# DATA IN THIS EXERCISE
↓

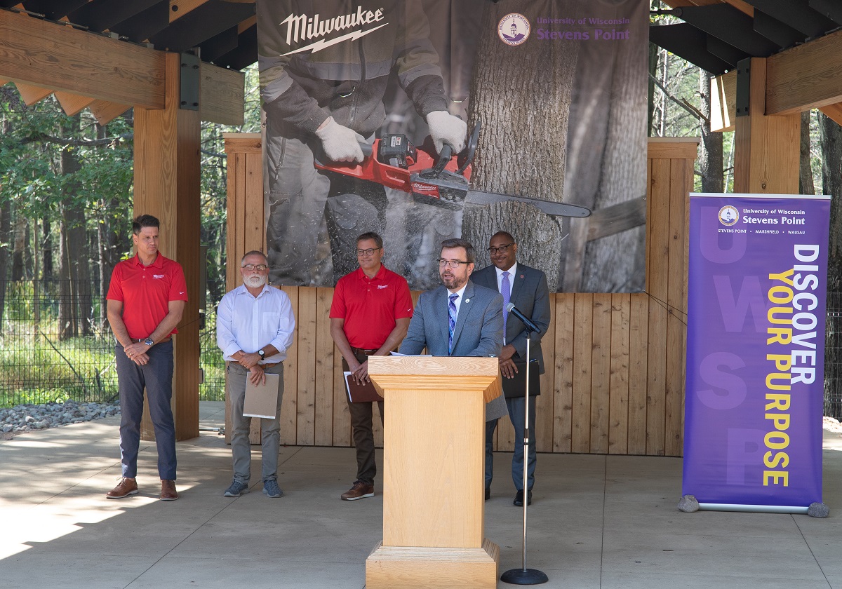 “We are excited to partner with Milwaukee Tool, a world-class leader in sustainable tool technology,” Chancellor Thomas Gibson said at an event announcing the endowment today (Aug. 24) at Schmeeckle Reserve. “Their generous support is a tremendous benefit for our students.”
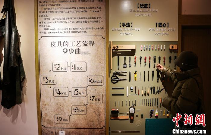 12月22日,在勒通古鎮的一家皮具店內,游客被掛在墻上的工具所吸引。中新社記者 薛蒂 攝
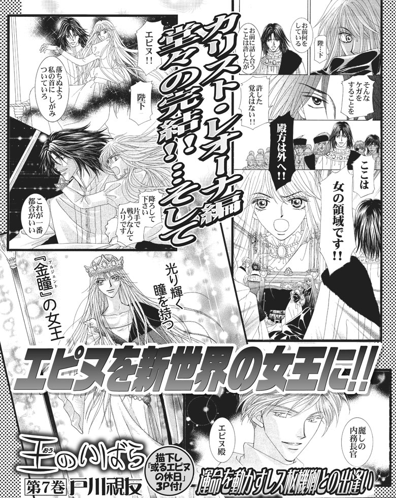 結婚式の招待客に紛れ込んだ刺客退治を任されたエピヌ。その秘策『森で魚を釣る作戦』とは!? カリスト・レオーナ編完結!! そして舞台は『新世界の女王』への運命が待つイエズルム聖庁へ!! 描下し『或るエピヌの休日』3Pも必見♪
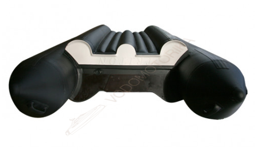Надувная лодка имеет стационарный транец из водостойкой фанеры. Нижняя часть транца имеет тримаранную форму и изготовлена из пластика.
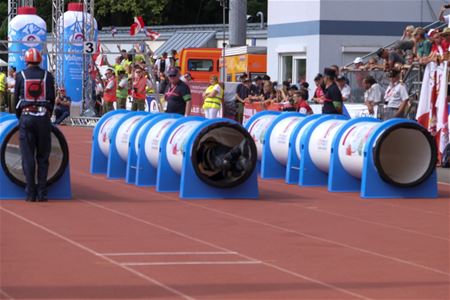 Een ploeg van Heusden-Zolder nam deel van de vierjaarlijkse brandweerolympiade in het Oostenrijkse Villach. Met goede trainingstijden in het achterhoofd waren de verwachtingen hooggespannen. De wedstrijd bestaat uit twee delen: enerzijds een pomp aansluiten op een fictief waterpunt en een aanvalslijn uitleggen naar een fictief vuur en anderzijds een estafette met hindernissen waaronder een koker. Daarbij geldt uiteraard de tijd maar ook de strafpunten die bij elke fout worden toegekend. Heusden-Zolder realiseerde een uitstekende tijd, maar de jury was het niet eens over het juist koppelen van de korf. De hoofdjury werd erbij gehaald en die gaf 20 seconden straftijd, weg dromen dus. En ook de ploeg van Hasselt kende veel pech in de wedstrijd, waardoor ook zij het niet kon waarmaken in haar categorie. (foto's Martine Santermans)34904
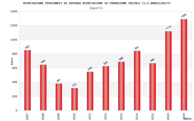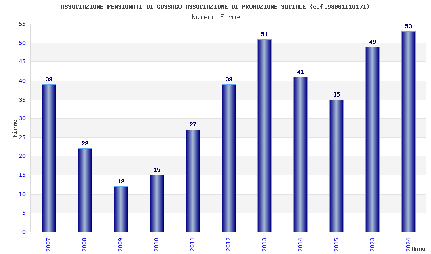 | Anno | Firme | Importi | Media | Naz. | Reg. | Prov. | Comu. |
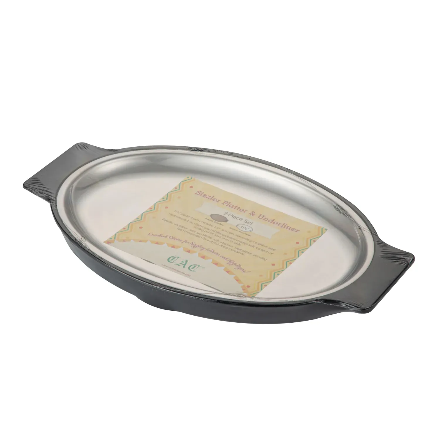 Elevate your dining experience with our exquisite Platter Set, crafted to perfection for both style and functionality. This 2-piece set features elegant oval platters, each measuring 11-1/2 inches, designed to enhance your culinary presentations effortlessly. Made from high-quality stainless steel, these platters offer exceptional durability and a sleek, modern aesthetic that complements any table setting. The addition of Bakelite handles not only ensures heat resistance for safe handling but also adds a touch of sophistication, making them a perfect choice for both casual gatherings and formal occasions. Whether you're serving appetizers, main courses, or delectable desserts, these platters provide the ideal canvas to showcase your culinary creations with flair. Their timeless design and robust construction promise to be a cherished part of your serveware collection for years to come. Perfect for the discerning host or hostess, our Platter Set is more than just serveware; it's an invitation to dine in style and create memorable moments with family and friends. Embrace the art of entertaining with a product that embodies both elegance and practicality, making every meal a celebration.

↑
↓

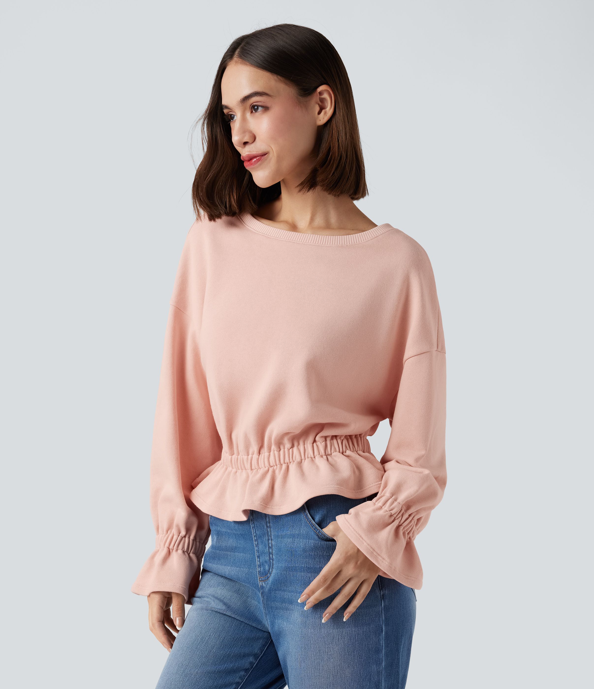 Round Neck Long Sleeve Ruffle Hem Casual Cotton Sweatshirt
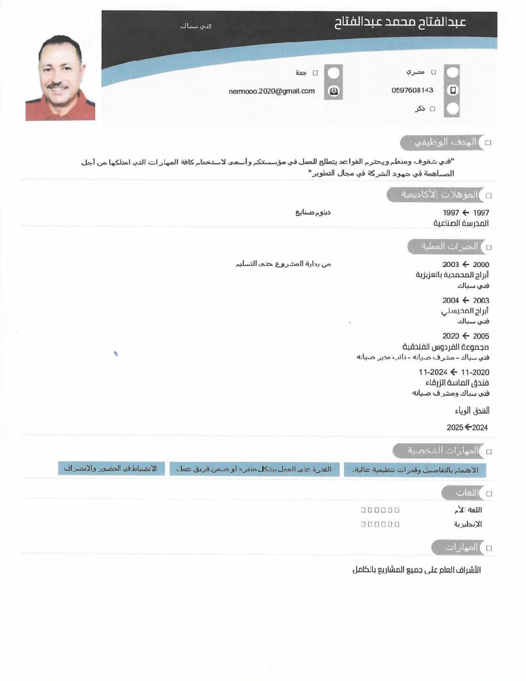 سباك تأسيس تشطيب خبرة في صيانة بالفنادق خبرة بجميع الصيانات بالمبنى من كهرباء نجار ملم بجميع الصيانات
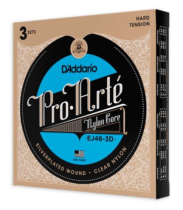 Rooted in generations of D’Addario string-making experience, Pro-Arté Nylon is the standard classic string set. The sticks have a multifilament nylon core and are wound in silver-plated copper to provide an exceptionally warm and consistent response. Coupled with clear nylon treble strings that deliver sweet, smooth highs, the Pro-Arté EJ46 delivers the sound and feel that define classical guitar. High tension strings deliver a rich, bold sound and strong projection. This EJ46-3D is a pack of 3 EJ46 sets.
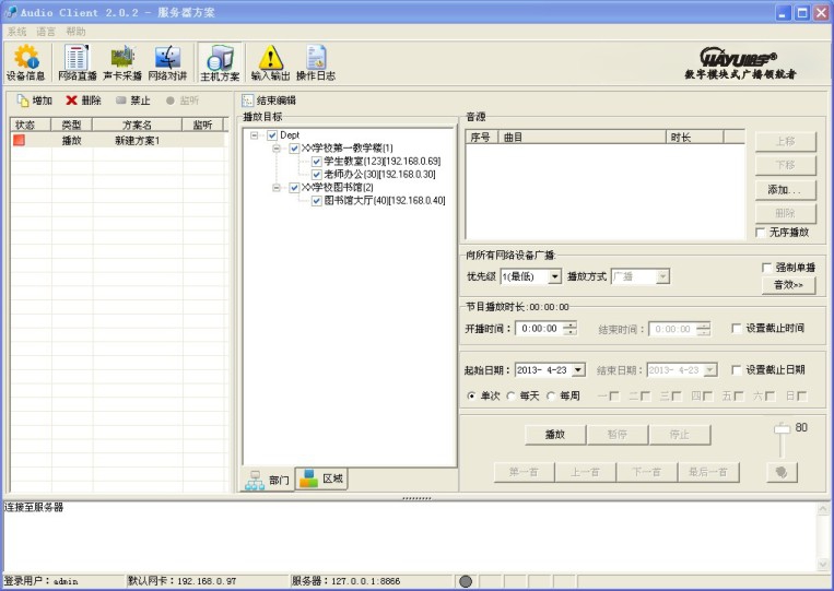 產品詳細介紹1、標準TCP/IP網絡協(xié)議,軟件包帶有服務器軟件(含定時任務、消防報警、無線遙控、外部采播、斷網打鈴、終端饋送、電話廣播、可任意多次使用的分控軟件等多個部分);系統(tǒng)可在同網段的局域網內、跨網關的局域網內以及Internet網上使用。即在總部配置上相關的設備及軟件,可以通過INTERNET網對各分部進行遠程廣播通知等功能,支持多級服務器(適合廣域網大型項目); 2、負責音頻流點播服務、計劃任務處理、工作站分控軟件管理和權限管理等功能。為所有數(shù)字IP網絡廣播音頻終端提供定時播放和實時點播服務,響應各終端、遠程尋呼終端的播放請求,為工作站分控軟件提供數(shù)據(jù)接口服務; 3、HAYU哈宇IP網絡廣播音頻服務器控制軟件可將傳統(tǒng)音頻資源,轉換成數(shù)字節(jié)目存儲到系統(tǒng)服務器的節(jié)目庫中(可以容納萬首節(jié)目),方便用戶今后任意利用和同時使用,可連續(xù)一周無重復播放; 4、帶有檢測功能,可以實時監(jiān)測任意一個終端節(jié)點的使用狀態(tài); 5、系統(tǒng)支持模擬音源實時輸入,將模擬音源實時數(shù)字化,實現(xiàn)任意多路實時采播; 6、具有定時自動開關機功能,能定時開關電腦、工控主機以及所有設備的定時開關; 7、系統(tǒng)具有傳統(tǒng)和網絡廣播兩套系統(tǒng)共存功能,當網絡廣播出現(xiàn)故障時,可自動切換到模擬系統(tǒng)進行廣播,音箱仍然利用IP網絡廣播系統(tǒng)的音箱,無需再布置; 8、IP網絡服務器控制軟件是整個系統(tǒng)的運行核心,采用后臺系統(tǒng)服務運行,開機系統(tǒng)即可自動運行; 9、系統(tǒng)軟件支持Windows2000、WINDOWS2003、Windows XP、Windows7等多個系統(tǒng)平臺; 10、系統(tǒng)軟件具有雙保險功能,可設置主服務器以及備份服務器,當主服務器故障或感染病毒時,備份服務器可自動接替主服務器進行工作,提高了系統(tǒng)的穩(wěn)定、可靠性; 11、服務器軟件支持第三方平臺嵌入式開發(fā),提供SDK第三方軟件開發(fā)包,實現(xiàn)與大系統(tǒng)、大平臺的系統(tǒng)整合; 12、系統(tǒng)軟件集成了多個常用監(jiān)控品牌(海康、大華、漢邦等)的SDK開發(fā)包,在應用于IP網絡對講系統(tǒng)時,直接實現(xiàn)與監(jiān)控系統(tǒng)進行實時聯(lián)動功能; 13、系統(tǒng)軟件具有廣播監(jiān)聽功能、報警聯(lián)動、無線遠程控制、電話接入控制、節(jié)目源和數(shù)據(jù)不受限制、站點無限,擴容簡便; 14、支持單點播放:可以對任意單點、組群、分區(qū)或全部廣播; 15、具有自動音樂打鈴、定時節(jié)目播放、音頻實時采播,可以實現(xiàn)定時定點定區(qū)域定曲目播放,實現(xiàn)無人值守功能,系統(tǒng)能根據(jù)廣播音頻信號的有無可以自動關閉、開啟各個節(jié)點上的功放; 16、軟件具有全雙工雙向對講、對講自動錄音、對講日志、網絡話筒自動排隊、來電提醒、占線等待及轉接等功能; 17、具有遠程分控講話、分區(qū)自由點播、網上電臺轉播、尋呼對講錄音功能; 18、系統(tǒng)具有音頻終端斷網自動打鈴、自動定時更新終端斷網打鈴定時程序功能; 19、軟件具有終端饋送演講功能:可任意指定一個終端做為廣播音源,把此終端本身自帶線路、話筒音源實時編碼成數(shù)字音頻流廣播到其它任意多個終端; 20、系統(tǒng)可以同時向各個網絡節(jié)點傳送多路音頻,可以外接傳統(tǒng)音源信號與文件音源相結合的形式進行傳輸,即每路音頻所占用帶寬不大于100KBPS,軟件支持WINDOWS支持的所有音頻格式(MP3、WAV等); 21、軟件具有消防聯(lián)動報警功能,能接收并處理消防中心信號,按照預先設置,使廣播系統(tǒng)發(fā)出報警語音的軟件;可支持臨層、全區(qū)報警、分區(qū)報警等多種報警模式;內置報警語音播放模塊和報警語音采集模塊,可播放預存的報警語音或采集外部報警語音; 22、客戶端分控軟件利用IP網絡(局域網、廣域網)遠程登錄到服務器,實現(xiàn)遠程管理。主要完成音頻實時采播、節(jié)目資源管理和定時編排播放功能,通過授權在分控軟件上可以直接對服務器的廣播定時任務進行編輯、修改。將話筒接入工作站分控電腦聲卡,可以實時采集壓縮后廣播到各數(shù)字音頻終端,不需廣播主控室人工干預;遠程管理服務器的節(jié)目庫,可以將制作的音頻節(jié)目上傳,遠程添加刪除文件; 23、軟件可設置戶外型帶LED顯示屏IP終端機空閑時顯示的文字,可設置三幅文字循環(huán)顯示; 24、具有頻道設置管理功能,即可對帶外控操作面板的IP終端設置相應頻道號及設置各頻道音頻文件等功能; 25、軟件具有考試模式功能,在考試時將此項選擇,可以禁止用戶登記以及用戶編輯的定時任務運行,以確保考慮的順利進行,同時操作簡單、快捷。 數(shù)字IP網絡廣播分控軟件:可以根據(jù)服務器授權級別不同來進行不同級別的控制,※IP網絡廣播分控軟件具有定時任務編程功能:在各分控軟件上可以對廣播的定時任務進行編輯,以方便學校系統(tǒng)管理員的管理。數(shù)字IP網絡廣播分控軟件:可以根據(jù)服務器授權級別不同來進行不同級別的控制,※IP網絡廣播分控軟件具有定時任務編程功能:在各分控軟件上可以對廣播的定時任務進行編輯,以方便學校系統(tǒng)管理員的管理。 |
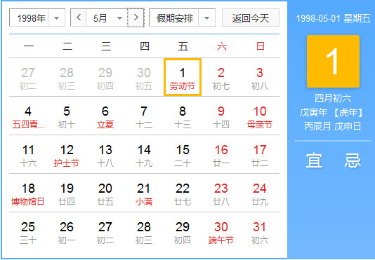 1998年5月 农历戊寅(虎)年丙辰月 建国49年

↑
↓

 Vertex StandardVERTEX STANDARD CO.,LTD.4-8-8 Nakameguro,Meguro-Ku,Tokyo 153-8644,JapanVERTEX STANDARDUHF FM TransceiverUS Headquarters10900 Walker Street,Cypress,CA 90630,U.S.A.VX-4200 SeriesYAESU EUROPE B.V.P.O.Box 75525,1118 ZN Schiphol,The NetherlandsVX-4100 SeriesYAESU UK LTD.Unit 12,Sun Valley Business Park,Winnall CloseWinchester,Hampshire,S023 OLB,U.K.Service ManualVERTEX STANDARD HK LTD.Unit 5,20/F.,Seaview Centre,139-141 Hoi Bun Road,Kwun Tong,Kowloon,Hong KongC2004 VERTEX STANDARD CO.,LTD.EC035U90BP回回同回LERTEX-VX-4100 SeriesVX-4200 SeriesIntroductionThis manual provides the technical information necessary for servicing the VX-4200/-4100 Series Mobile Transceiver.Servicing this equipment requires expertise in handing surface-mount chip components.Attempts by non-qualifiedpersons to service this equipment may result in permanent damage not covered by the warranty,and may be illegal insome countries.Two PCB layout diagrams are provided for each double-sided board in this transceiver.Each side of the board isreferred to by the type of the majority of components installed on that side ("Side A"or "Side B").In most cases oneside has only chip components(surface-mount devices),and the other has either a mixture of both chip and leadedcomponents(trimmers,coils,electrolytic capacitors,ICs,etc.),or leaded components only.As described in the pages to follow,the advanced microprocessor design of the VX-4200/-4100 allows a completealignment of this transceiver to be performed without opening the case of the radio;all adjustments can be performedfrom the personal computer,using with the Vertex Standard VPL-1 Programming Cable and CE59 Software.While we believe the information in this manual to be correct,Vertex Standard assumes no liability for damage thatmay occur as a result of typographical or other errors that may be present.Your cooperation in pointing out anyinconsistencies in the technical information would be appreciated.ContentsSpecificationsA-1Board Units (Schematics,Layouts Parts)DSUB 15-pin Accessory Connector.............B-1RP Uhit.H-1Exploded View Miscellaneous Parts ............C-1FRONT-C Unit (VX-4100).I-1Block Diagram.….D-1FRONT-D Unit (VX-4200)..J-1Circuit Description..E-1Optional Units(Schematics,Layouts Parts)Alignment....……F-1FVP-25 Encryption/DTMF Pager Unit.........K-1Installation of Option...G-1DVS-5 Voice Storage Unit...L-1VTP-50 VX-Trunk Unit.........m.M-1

↑

# YOUR GOAL
Taking the entries above, copy word for word the lines from the one with "are excited to" up to and including the one with "Надувная лодка имеет", without any picture.

# SOLUTION FOR THIS TASK
 “We are excited to partner with Milwaukee Tool, a world-class leader in sustainable tool technology,” Chancellor Thomas Gibson said at an event announcing the endowment today (Aug. 24) at Schmeeckle Reserve. “Their generous support is a tremendous benefit for our students.”
 12月22日,在勒通古鎮的一家皮具店內,游客被掛在墻上的工具所吸引。中新社記者 薛蒂 攝
 結婚式の招待客に紛れ込んだ刺客退治を任されたエピヌ。その秘策『森で魚を釣る作戦』とは!? カリスト・レオーナ編完結!! そして舞台は『新世界の女王』への運命が待つイエズルム聖庁へ!! 描下し『或るエピヌの休日』3Pも必見♪
Надувная лодка имеет стационарный транец из водостойкой фанеры. Нижняя часть транца имеет тримаранную форму и изготовлена из пластика.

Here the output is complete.